Dr. Kupfer had wanted the systematic strides of RDoC to drive the next iterations of the DSM⁷. RDoC, created in 2009⁹, aimed to reduce heterogeneity in research samples (while improving our understanding of the neurobiological underpinnings of diagnoses), uncover why there is such a large risk of comorbidity with mental illness in the isolationist diagnostic approach, eliminate sole reliance on expert consensus, and increase understanding of subthreshold symptoms. Scientists and clinicians wanted to understand the full spectrum of psychopathology across dimensions. RDoC’s focus is and was to cross-sectionally study illness¹⁰, utilizing components of genetics, neuronal circuits, behaviors, environmental influences, cognition, and more. The goal? An integrative, comprehensive model that moves away from the siloed diagnostic framework we have today. This was one of the biggest steps towards precision psychiatry: the medical community yearned for a system of diagnosis and treatment based on a richer understanding of the science and psychology of mental illness. And yet, the daily practice of clinicians is no different, at least in relation to RDoC, now than it was in 2009. 

The framework initiated areas within psychiatric research that, perhaps, can later on contribute to diagnostic and treatment pathways¹¹. For now, it has not yet transformed clinical psychiatry. One reason may be that current research within the RDoC space involves further segmenting and re-imagining existing diagnoses¹¹ in favor of building a new framework, and adoption of any new concept meets friction. Alongside the NIMH RDoC enterprise, several federal projects have emerged over the last few decades in pursuit of precision medicine; the BRAIN Initiative¹² and the Human Connectome Project¹³ are some of the latest efforts to move the needle in this space. Psychiatric medicine yearns to make a breakthrough with biological, symptom, and treatment-response subtyping¹⁴ through the use of brain imaging techniques and biomarkers. Yet, adoption of a new foundation always remains a steadfast challenge in the clinical world. 

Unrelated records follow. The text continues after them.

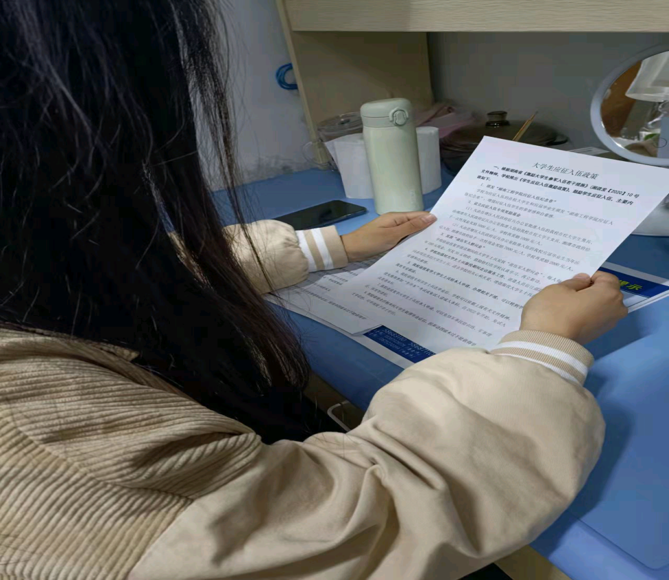 在宣传活动的基础上,安全督察部成员还向新生介绍了征兵的相应优惠政策,鼓励他们积极入伍,以此强化新生的责任感及保家卫国的意识,响应国家、社会、公司的号召,完成征兵的宣传工作。
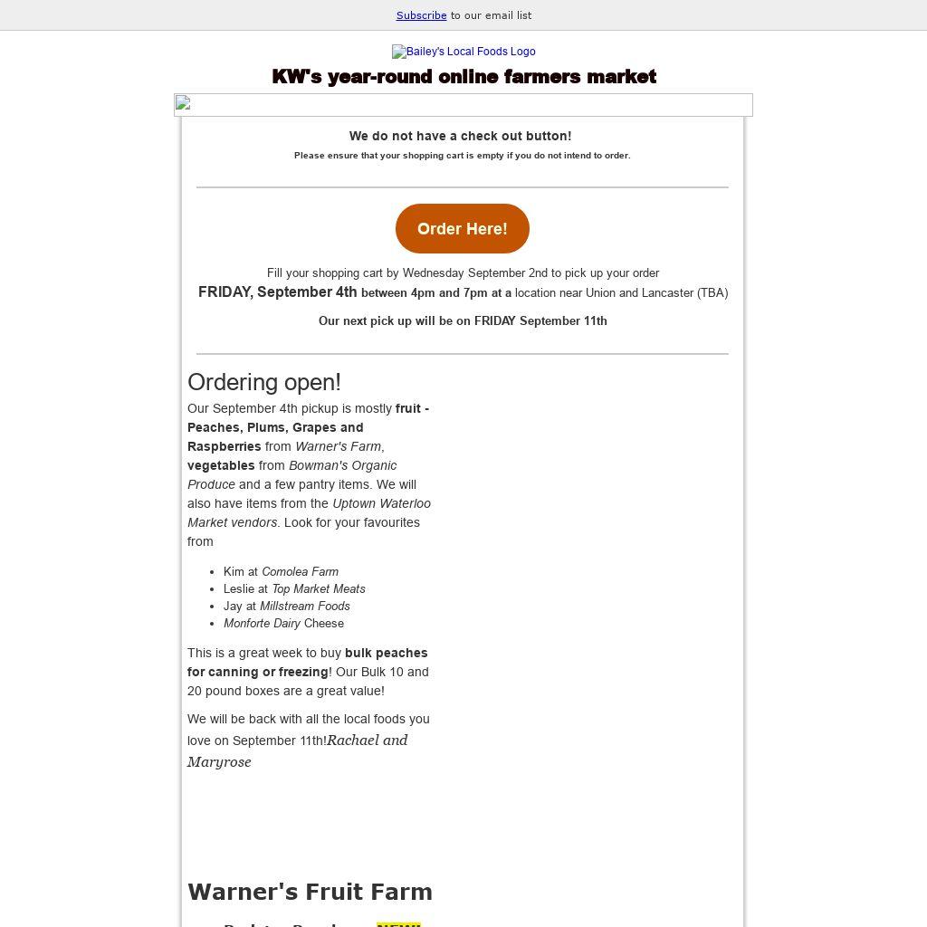 Our September 4th pickup is mostly fruit - Peaches, Plums, Grapes and Raspberries from Warner's Farm, vegetables from Bowman's Organic Produce and a few pantry items. We will also have items from the Uptown Waterloo Market vendors. Look for your favourites from - Kim at Comolea Farm
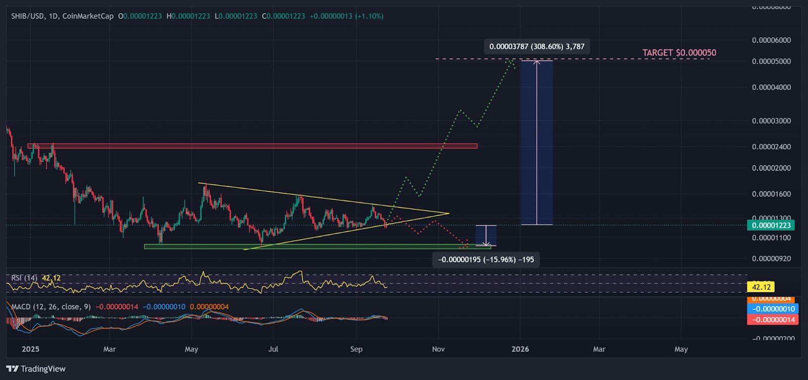 Trên biểu đồ ngày, SHIB đang đi ngang trong mô hình tam giác cân quanh mức $0,00001223.
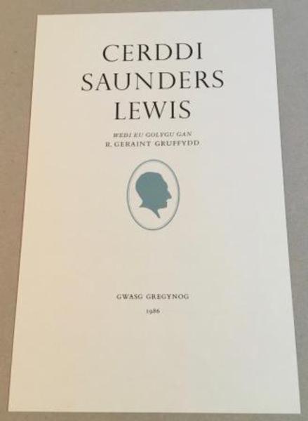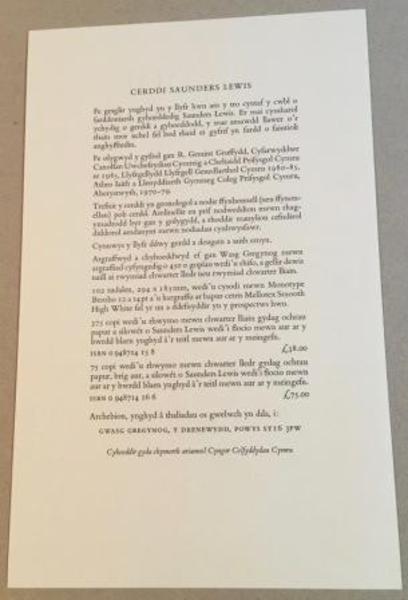 GWASG GREGYNOG. Prospectus for CERDDI SAUNDERS LEWIS. Gwasg Gregynog. 1986.
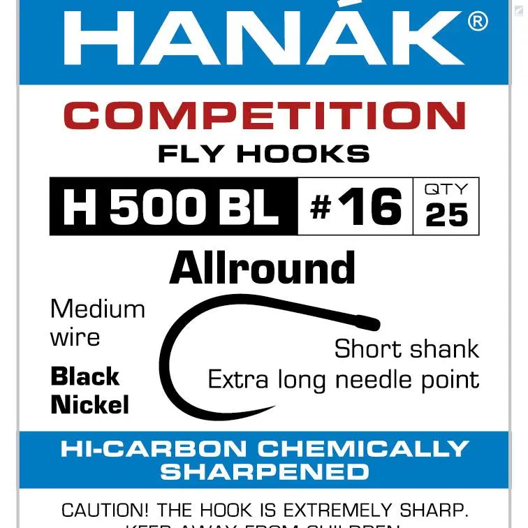 Hanak H500BL Allround is an universal barbless hook with short shank , extra-wide gape and straight eye and bent-in point. Use for pupae, larvae and many other insect imitations.
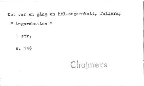 //// Det var en gång en hel-angorakatt, fallera, " Angorakatten " //// 1 str. s. 146 //// Chalmers ////
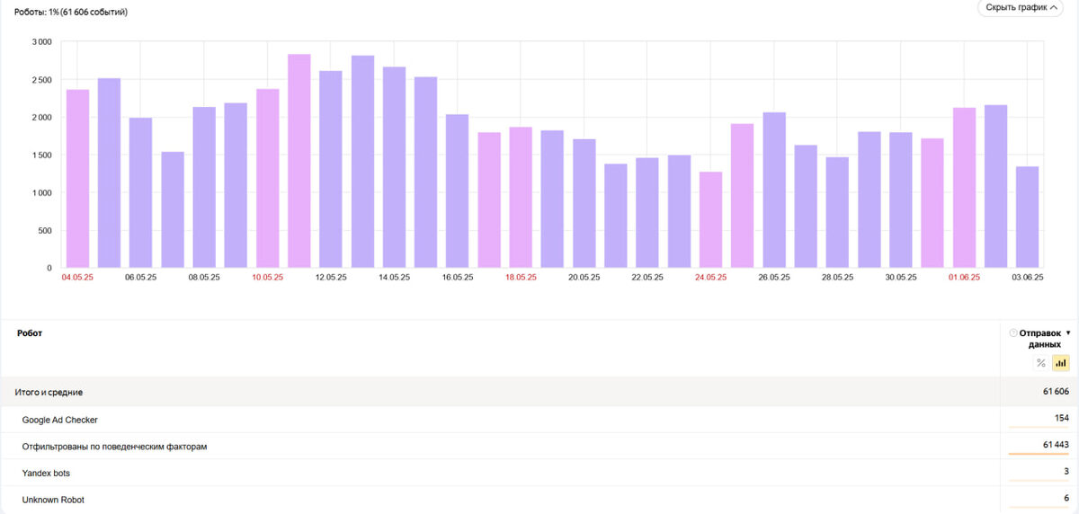 Трафик от Алисы попадёт всё-таки в роботный. Получается, если вы исключали его из отчётов Метрики, то пора переставать. Какого-то очевидного способа отфильтровать хороших и плохих роботов мы не нашли. Да, можно зайти в отчёт по роботам и посмотреть, кто орудует на вашем сайте.
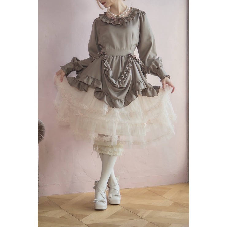 裾のフリル部分はボタンで留めれば、ふんわり立体感のあるバッスル風シルエットに早変わり。
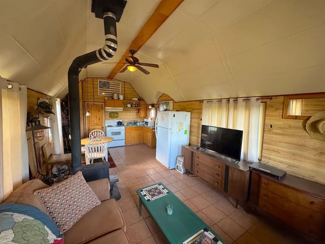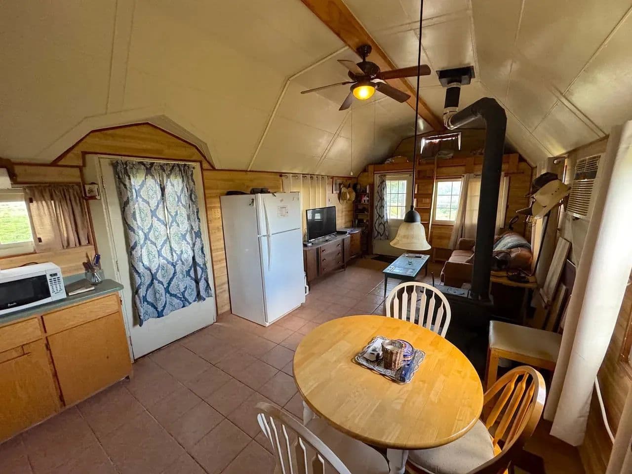 The cabin has all the amenities needed to insure a comfortable stay, electricity, hot water, air conditioning, and a wood-burning stove help make your stay pleasurable no matter the season.

Providers are wary of a new way to practice: what does precision psychiatry mean for all mental health clinicians? In reassurance, building rapport with patients, collecting a thorough diagnostic interview, and reviewing a life history of symptoms are steps that are not going anywhere. But what if we could measure a person’s symptoms through proxies and corollaries for diagnostic stability? How would this change their prognosis? Their burden of illness? Less than a century ago, cardiologists could not measure the inside structure of the heart nor its related function¹⁴. Yet, today, ultrasound and echocardiography are daily instruments used in the diagnosis and treatment of heart disease. What if we brought this level of diagnostic security to the assessment of patients? If we could have greater insights into patients’ neurobiology and neuronal circuitry, genetics, and symptomatology, maybe we could develop not only greater diagnostic tools but more precise and targeted interventions. While we are headed towards this goal slower than we had originally anticipated, the target remains the same - better data, better treatment.

Dina Veytsman is the Medical Affairs Lead at Headlamp Health. She is a board-certified psychiatric mental health nurse practitioner and staunch digital mental health tech advocate.